Shabbir Ahmad Chowdhury, Secretary (West) of the Ministry of Foreign Affairs told BenarNews: “The issue of sanctions on RAB was discussed at high levels several times immediately after the [sanctions were imposed]”

“A security dialogue will be held with the U.S. in the first week of next month, [and] the issue will be discussed in that meeting also,” he added, referring to the sanctions.

Ehsanul Haque, an analyst, sees the forthcoming U.S.-Bangladesh meeting as a “great opportunity” for Bangladesh.

“This meeting will create a scope to explain that there were some misunderstandings over imposing sanctions on RAB,” Haque, chairman of the international relations department at Dhaka University, told BenarNews without elaborating.

“Bangladesh should address the sensitive issue through diplomatic efforts.”

BenarNews contacted the U.S. State Department for comment but did not immediately hear back.

BD-RAB1.JPG

Rapid Action Battalion personnel stand guard in front of the national mosque in Dhaka, Dec. 4, 2012. [Reuters]

‘Crossfire’

Meanwhile earlier this week, United Nations human rights experts alleged that Bangladesh’s government was retaliating against activists and families of missing people who had worked with international bodies to bring enforced disappearances to light.

The experts said that since the U.S. imposed sanctions in December on RAB, which is allegedly involved in such disappearances, the homes of at least 10 relatives of missing individuals had been raided by Bangladeshi authorities.

On Thursday, Human Rights Watch urged the government to respond meaningfully to the U.N.’s concerns.

“The Bangladesh government is seeking greater influence at the U.N. while simultaneously ignoring the U.N.’s inquiries into human rights violations by Bangladesh security forces,” Brad Adams, Asia director at Human Rights Watch, said in a statement.

“Bangladesh authorities are only jeopardizing the country’s standing in U.N. peacekeeping operations by ignoring allegations of abuse and failing to clean up their act.”

Bangladesh was the biggest contributor to U.N. peacekeeping operations in 2020, deploying 6,731 uniformed personnel on various missions.

When BenarNews last month asked the Bangladesh government what it was doing to address the U.S. concerns on RAB, Home Minister Asaduzzaman Khan Kamal said the government had not needed to take any extra measures.

“We did not get any recommendation on reforming RAB, we just received the names [of people] who are being sanctioned,” he told BenarNews on Feb. 24.

“But RAB is working under a law which makes them accountable always. Though I have no exact figures, some members of RAB are now in jail for wrongdoings,” the minister added.

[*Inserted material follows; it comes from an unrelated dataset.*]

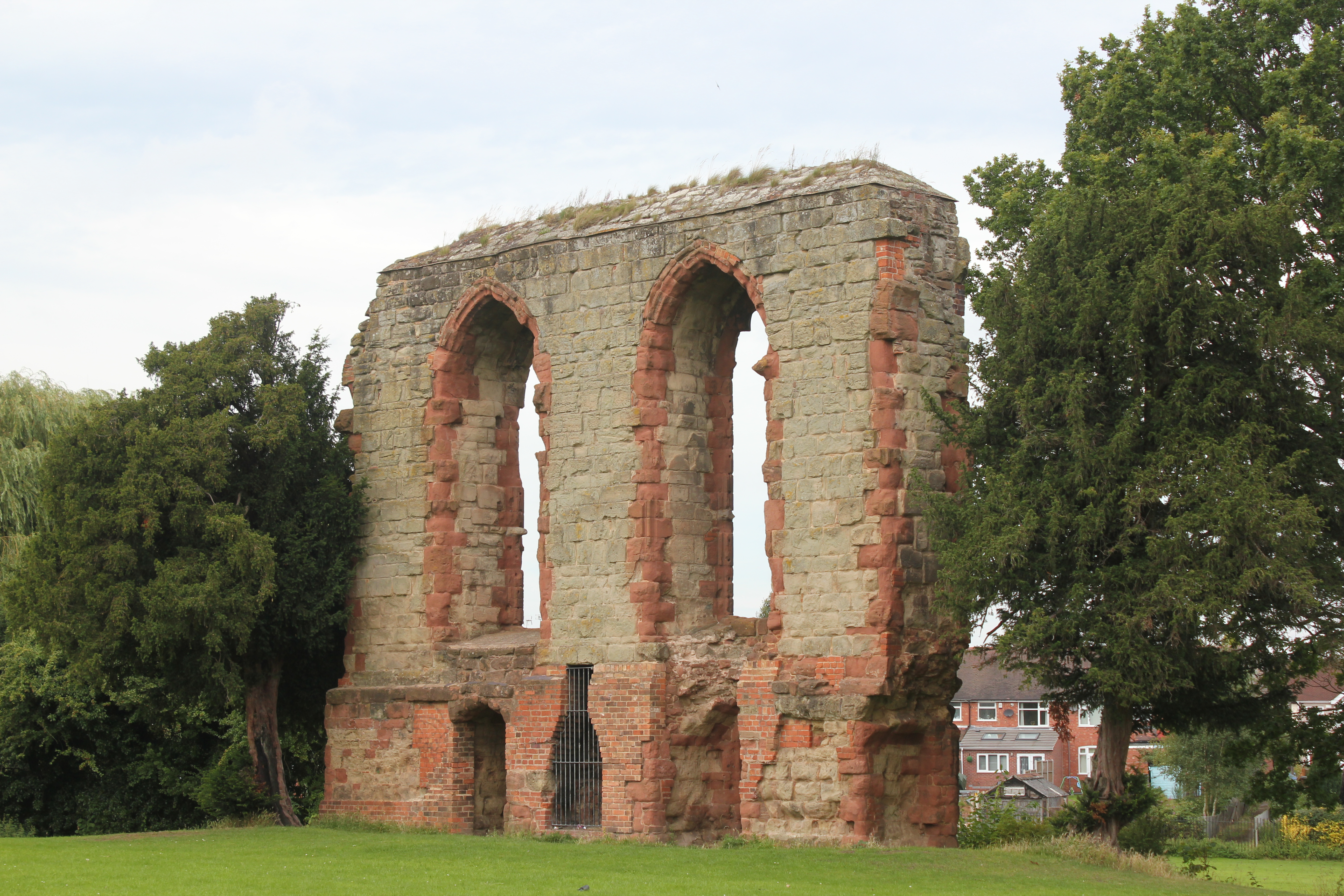 N1 - Caludon Castle in Coventry, UK

Last August, while responding to a Human Rights Watch report on enforced disappearances, A.K. Abdul Momen, the country’s top diplomat, said that allegations contained in it were “fabricated.”

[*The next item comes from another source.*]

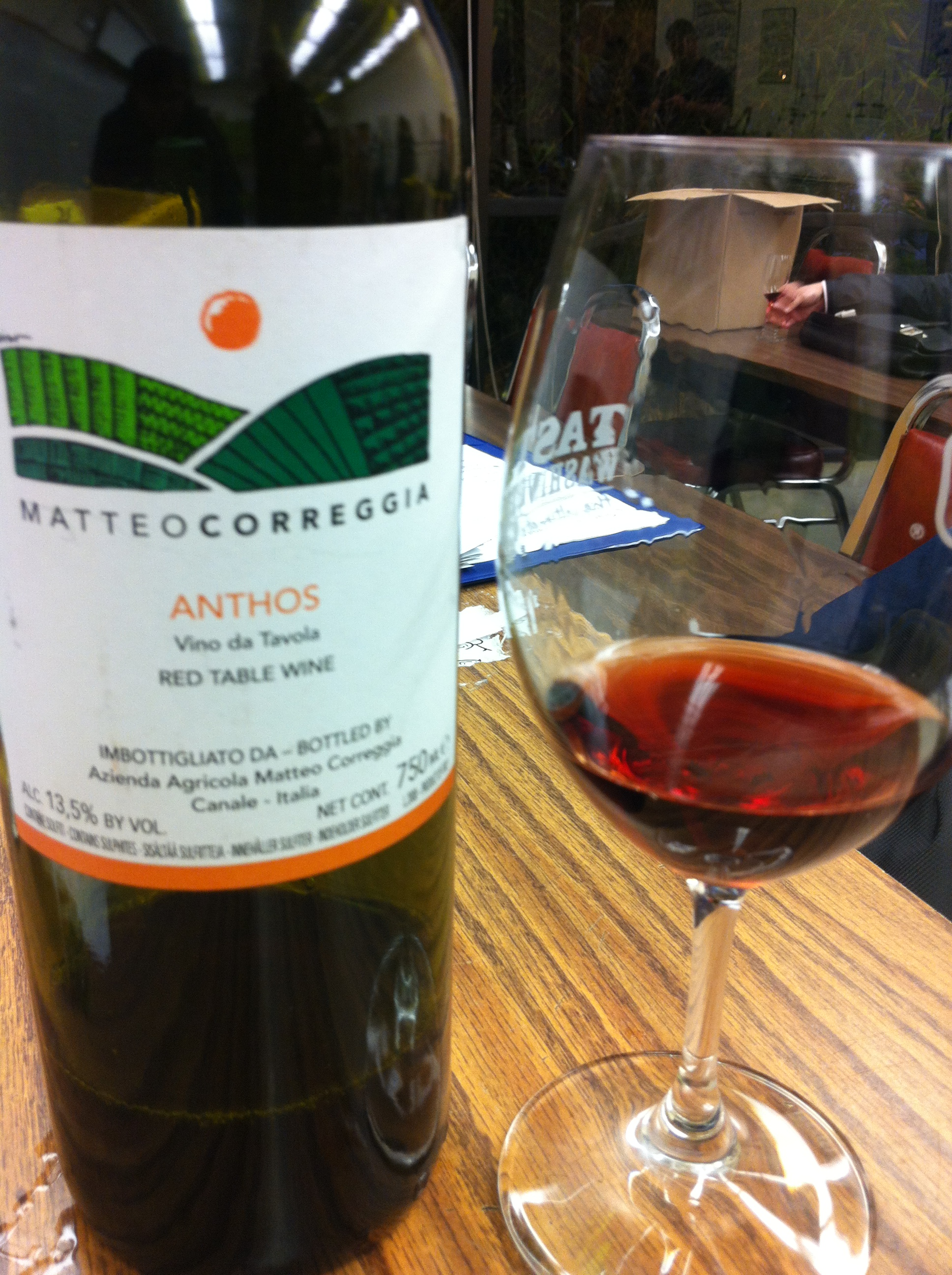 Italian Vino da Tavola wine from the Piedmont region made primarily from Brachetto

And RAB and government officials have often said that allegations of extrajudicial killings were just that, because when suspects were killed, it was usually in incidents of “crossfire” or when law enforcement was trying to protect itself.

According to data compiled by human rights organization Ain-O-Salish Kendra (ASK), the last “crossfire” incident in Bangladesh by a security force took place on Dec. 10, the very day the U.S. imposed sanctions on RAB. None has occurred since the sanctions were imposed.

By comparison, 51 incidents of “crossfire” by security forces took place in the rest of 2021, of which 30 were carried out by RAB.